PROBLEM TO WORK ON: Set down all of the data that follows word for word, without the images.
---- DATA EXCERPT
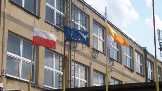 Na masztach na terenie wyżej wymienionej szkoły powiewają trzy flagi: flaga
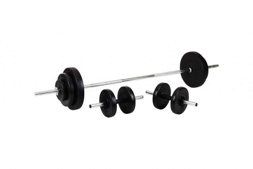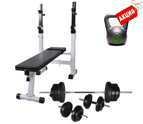 Цей універсальний набір дозволяє чергувати тренування зі штангою та гантелями, рівномірно опрацьовуючи всі основні групи м’язів.
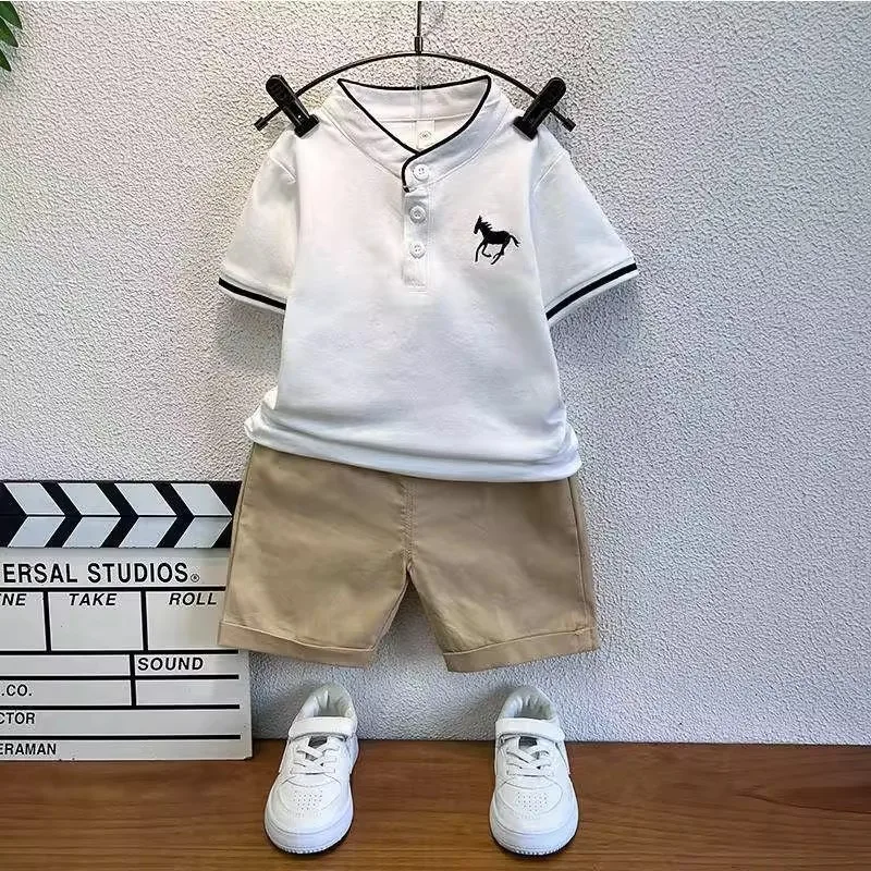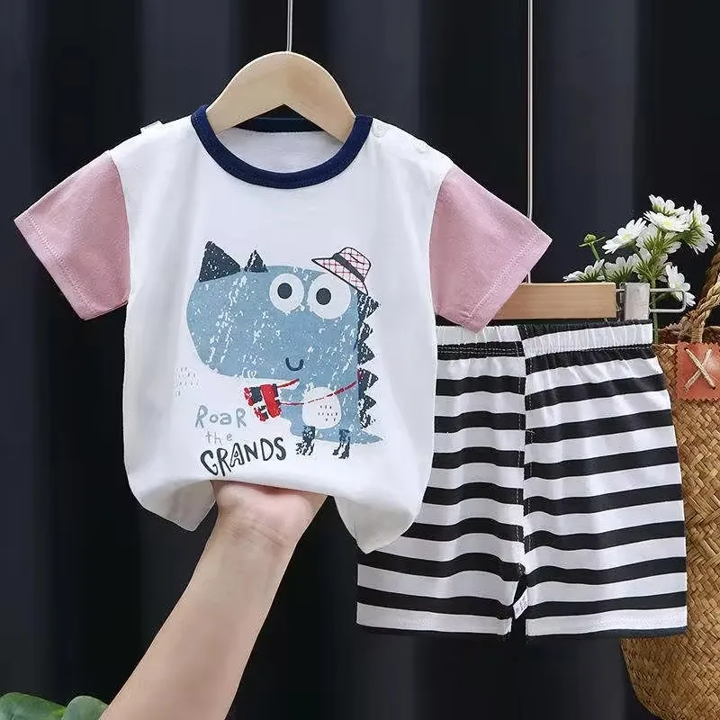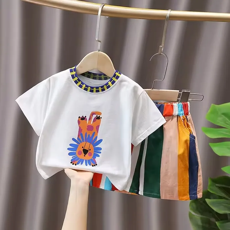 1.This product, manufactured by Jingyu and designed for both boys and girls, features a stylish animal pattern. It exudes a casual charm with its Baby Sports Two-Piece Shorts Set, suitable for children during the summer season.
--------
YOUR SOLUTION:
 Na masztach na terenie wyżej wymienionej szkoły powiewają trzy flagi: flaga
 Цей універсальний набір дозволяє чергувати тренування зі штангою та гантелями, рівномірно опрацьовуючи всі основні групи м’язів.
 1.This product, manufactured by Jingyu and designed for both boys and girls, features a stylish animal pattern. It exudes a casual charm with its Baby Sports Two-Piece Shorts Set, suitable for children during the summer season.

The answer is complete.